▸ What you are asked to do
Output every entry exactly as written, but omit the pictures.

▸ Given records
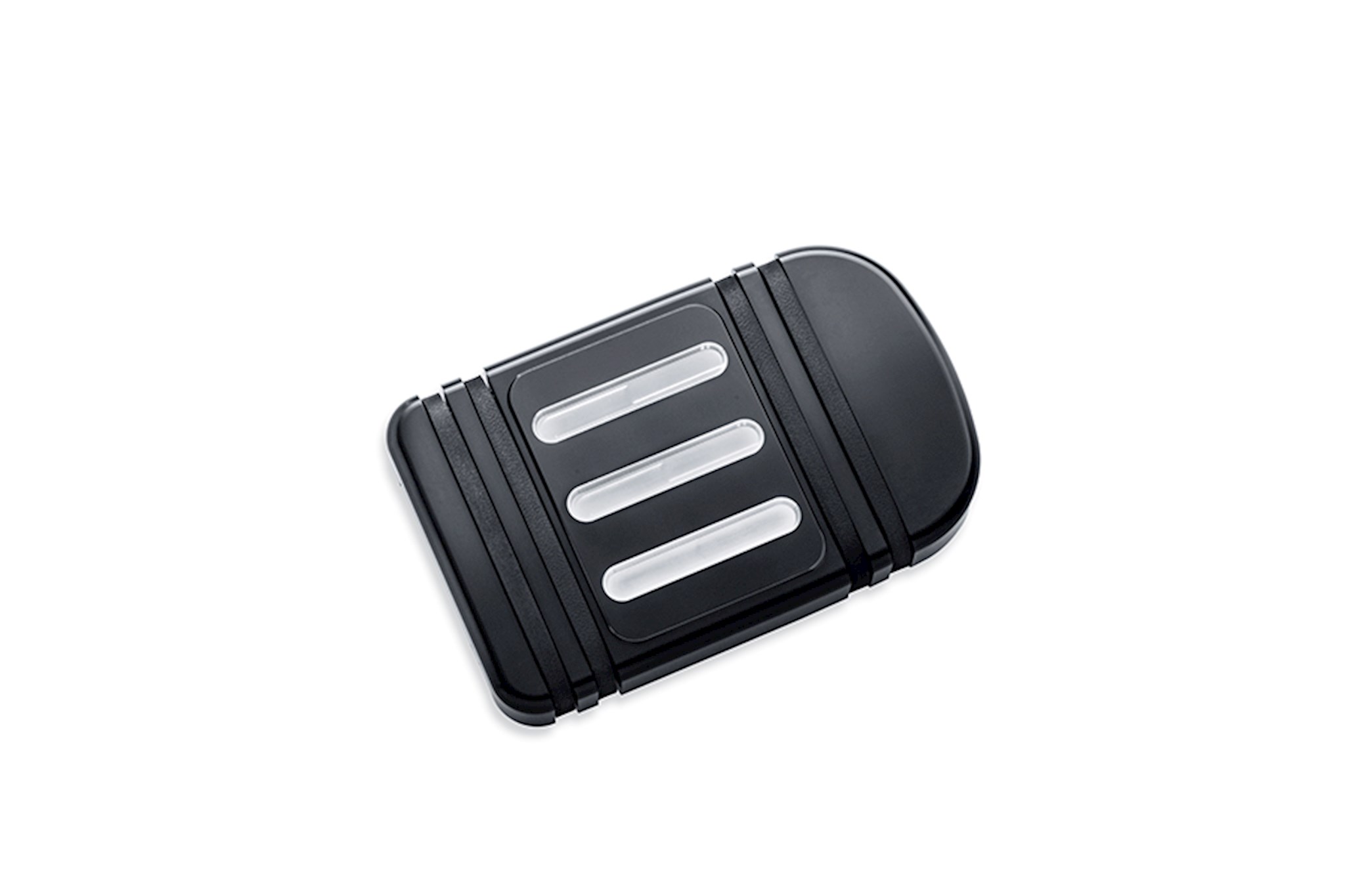 Available in two sizes, the brake pedal pads feature deep surface grooves and narrow rubber bands for traction during application.
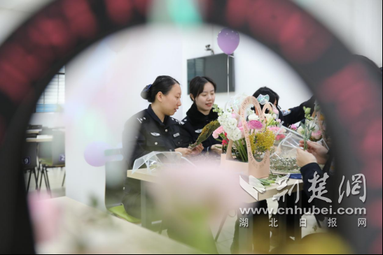 3月6日下午,襄北监狱组织女民警、女职工和警属开展“巾帼勇争先”插花课堂。
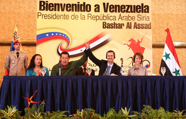 Асад се посетио је Венецуелу 2010. За време састанка с Чавезом оценио је да је Венецуела "предводник борбе за ослобођење народа региона".
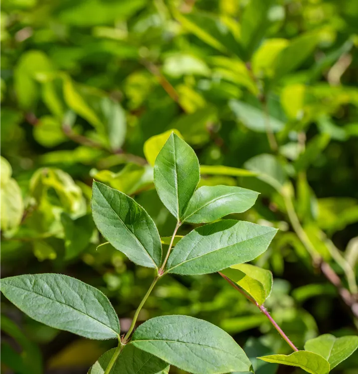 Die wintergrünen Blätter der Winter-Heckenkirsche sind dunkelgrün, lanzettlich, gegenständig. Diese sind etwa 5 - 8 cm groß.
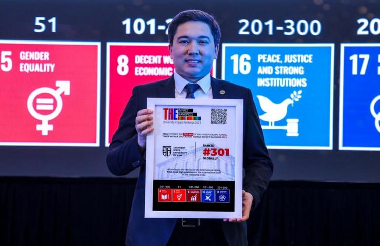 Tashkent State University of Law has not limited its progress to these achievements alone. The University was among the first institutions from Uzbekistan to be recognized as a «Reporter» in the Times Higher Education World University Rankings 2024 and Young University Rankings. It further secured the 183rd position in the World’s Universities with Real Impact (WURI) global ranking and placed 918th in the Round University Ranking (RUR) 2025.
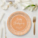 Dieser trendy Erntedankpapier-Teller kennzeichnet einen orange Ginghamhintergrund, mit modernem handgeschriebenem Skript.
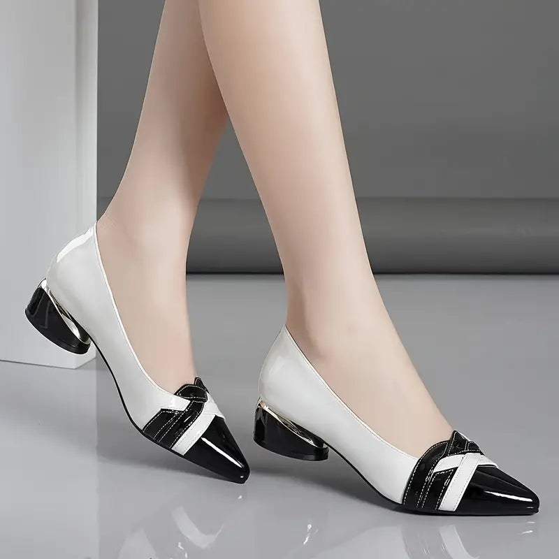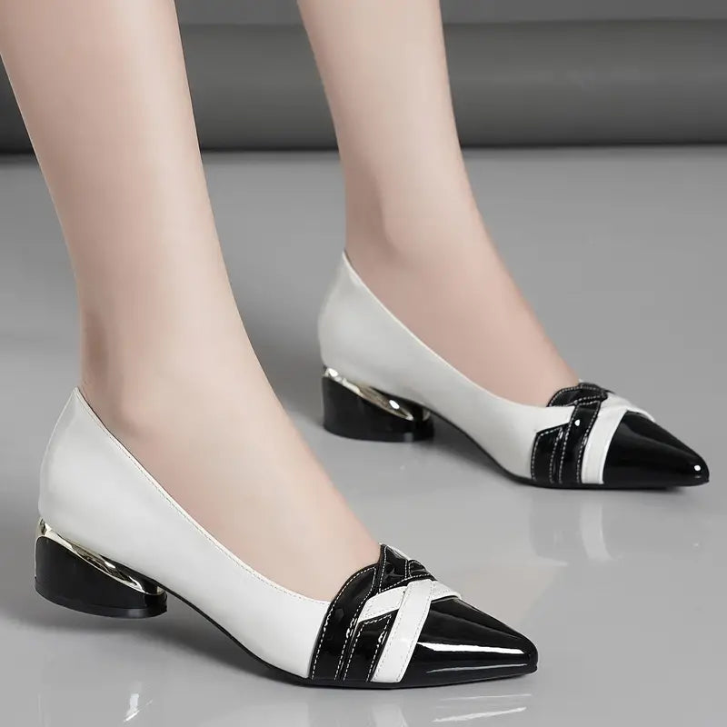 Kontrast Farbe Klotzige Absätze Elegant Spitze Zehe
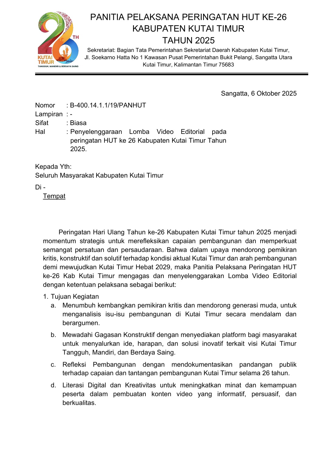 “Peringatan Hari Ulang Tahun ke-26 Kabupaten Kutai Timur tahun 2025 menjadi momentum strategis untuk merefleksikan capaian pembangunan dan memperkuat semangat persatuan dan persaudaraan,” ujar Trisno dalam surat edaran resmi tertanggal 6 Oktober 2025.

▸ Written reply
 Available in two sizes, the brake pedal pads feature deep surface grooves and narrow rubber bands for traction during application.
 3月6日下午,襄北监狱组织女民警、女职工和警属开展“巾帼勇争先”插花课堂。
 Асад се посетио је Венецуелу 2010. За време састанка с Чавезом оценио је да је Венецуела "предводник борбе за ослобођење народа региона".
 Die wintergrünen Blätter der Winter-Heckenkirsche sind dunkelgrün, lanzettlich, gegenständig. Diese sind etwa 5 - 8 cm groß.
 Tashkent State University of Law has not limited its progress to these achievements alone. The University was among the first institutions from Uzbekistan to be recognized as a «Reporter» in the Times Higher Education World University Rankings 2024 and Young University Rankings. It further secured the 183rd position in the World’s Universities with Real Impact (WURI) global ranking and placed 918th in the Round University Ranking (RUR) 2025.
 Dieser trendy Erntedankpapier-Teller kennzeichnet einen orange Ginghamhintergrund, mit modernem handgeschriebenem Skript.
 Kontrast Farbe Klotzige Absätze Elegant Spitze Zehe
 “Peringatan Hari Ulang Tahun ke-26 Kabupaten Kutai Timur tahun 2025 menjadi momentum strategis untuk merefleksikan capaian pembangunan dan memperkuat semangat persatuan dan persaudaraan,” ujar Trisno dalam surat edaran resmi tertanggal 6 Oktober 2025.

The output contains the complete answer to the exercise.